People have to find healthier ways to handle their mortality and lack of luck and success, and in so doing better protect themselves against further failure-inducing misinformation.
My position is not popular and is certainly not broadly regarded as socially acceptable, and so Chaplain Dr Murray has an understandable and common reservation about the idea that adults with imaginary friends are mentally ill if they're part of a megacult (religion):
As a philosopher and philosopher of science with some training in psychology and an AOS n the philosophy of psychology, I doubt that the DSMV is a correct representation of the real state of affairs. Like psychology itself, the DSM has some serious problems. Moreover, like all scientific resources, it is defeasible within the limits of the best experiments, methods, and data.
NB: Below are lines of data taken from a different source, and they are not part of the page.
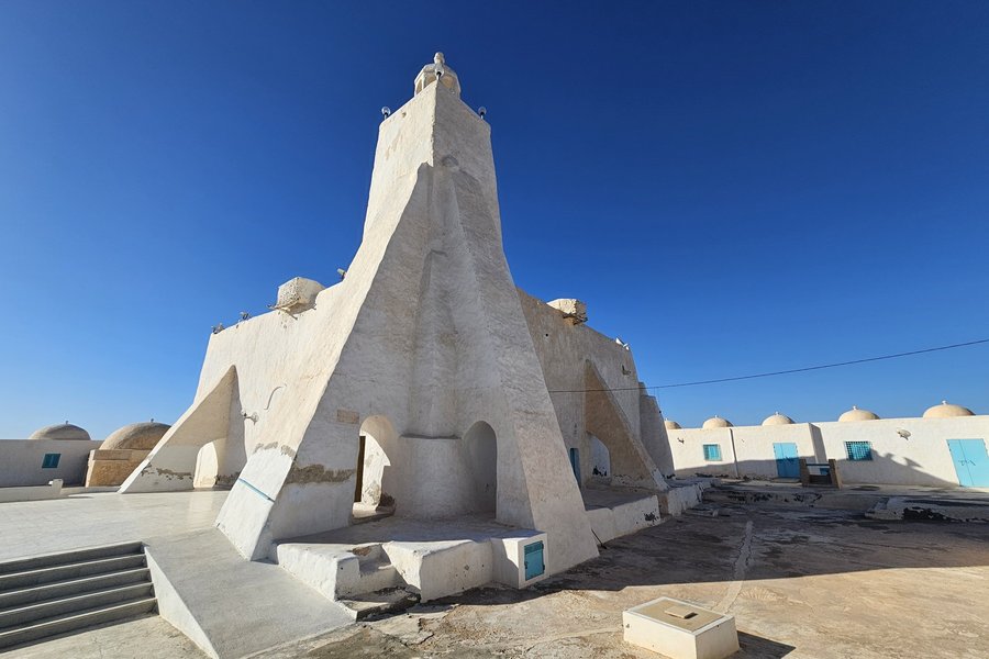 Active mosque. Just next to the road from Djerba Ajim to Guellala. Mosque closed, but you can peak in from the windows.
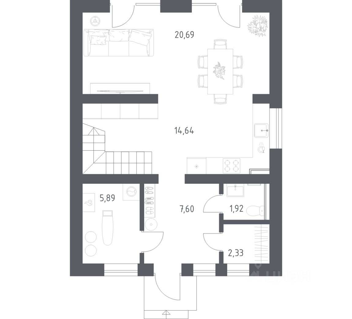 В базовую комплектацию включена металлическая входная дверь, двухкамерные стеклопакеты. Отсутствие межкомнатных перегородок позволит вам адаптировать пространство под себя.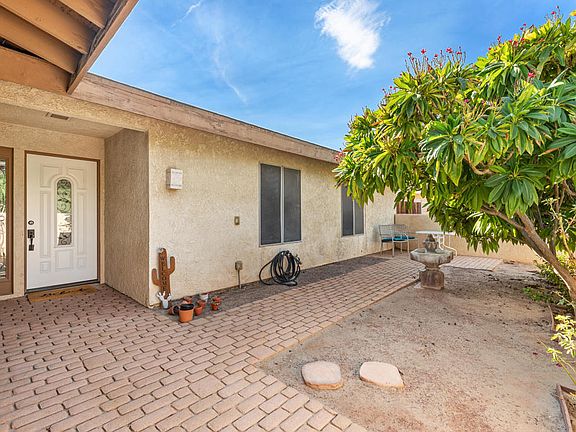 Welcome to this beautifully updated 3-bedroom, 2-bath home, perfectly situated in a desirable neighborhood with no HOA and Fee Simple land--you own it! From the moment you arrive, you'll love the inviting curb appeal with a refreshed front courtyard and low-maintenance desert landscaping.Step inside to discover a bright and airy floor plan featuring vaulted ceilings, fresh paint, new flooring, stylishly renovated bathrooms, and upgraded lighting throughout. The remodeled kitchen is a true highlight, showcasing modern cabinetry, sleek countertops, stainless steel appliances, and upgraded fixtures--ideal for everyday living and entertaining.The spacious living room offers a cozy fireplace and dual sliding glass doors that open to a covered patio, seamlessly blending indoor and outdoor living. The primary suite includes French doors to the backyard and a generous walk-in closet.Set on a large lot, the home features a pet-friendly backyard with endless potential--perfect for adding a pool, spa, or BBQ area. Fenced and gated side yards provide extra room for storage, equipment, or off-road toys.Tucked away on a quiet street, yet just minutes from shopping, dining, and conveniences. Plus, enjoy the savings of low IID power rates. This home truly has it all--don't miss your chance to make it yours! Schedule your private showing today.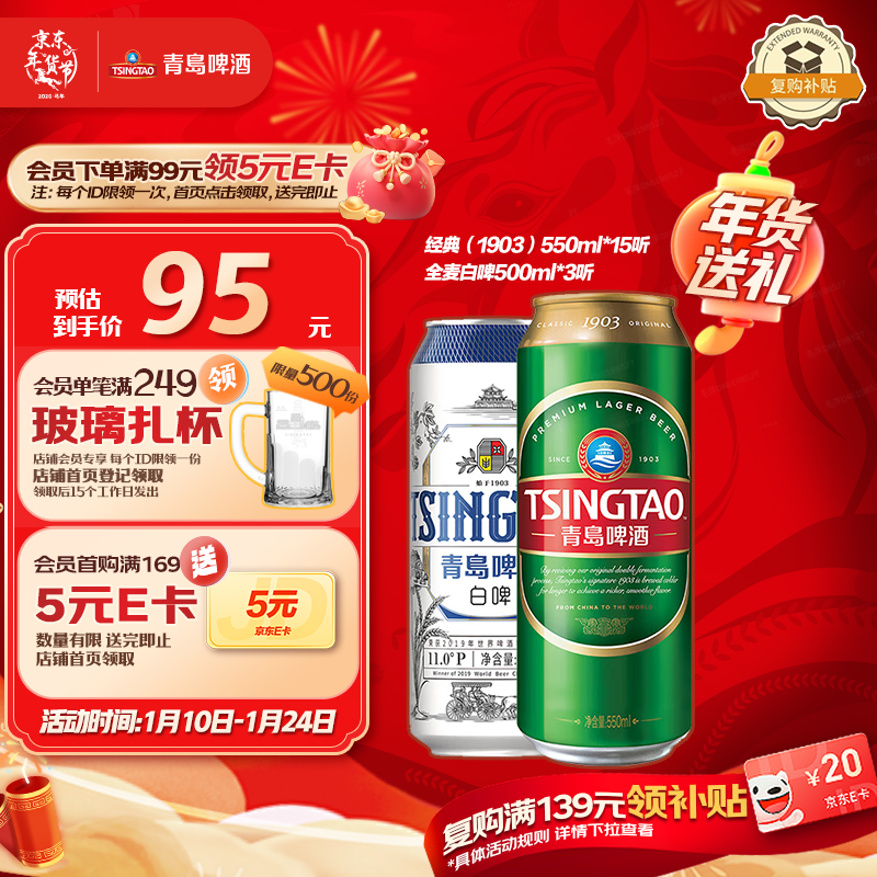青岛啤酒(TsingTao)经典(1903)550ml*15+精酿白啤500ml*3组合装共18罐 年货送礼

Note the reference to timely changes in the above APA information. One gets the impression that the eminent professoriate in charge of the DSM is aware there are social psychological issues around many of the handbook's current principles and positions. Yet the effect of the reproducibility crisis and the theory crisis (conceptual grounding by evidence and definition of concepts/terms in operationalisation) in psychological science (which to be fair, psychiatric neuroscience can disavow to some extent) is not yet corrected, and the premises of the basis of the stance of the DSM regarding faith and imaginary friends are, in my view, wrong, and are driven by inappropriate pragmatic and politically correct influence (that being said - the language used in the DSM regarding these issues is interesting in multiple ways in conceptual and inferential terms).
The DSM is not an immutable source of truth like the Bible is supposed to be (but of course the DSM beats the fictive screed of the Bible hands down), and it can be, and in this case is, wrong. I endorse optimistic metainduction about scientific theories, but I suspect that the DSM has been going in the wrong direction for the wrong reasons regarding the status of adults with imaginary omnipotent friends.
So while he has reservations, Chaplain Dr Murray also puts an associated problem with reception of the DSM most eloquently (and I look forward to reading his book):
If there is one thing that social scientists, social psychologists, and philosophers of science often have difficulty with, it is the intersection of normative and descriptive claims and assertions (and premises and arguments.) The DSM is - both by design and incidentally - part of what social psychology must model to understand properly what is happening with the psychologies of individuals in societies (social science is focused on groups, whereas social psychology is focused upon the psychology of individuals in social groups.)
The DSM is not just a snapshot of the state of the art in psychological (more specifically and correctly - psychiatric) science - it's a snapshot that is inappropriately influenced by politics and cultural pragmatism. Issues around cultural cohesion and social psychology are very complex, and the science is not as 'hard' as something like physics (and even in physics there are big disagreements about very well proven theories like quantum mechanics).
Cognitive bias, confirmation bias, p-hacking, HARKing, and underpowered experiments were serious problems for psychological science in the last two decades for very complex psychological and social psychological (and financial, methodological, structural, and other systemic) reasons. The science is still certainly worthwhile, and will continue to progress towards an even more powerful contribution to human epistemology. Yet there will be many hypotheses - and many conclusions - thrown out and revised along the way.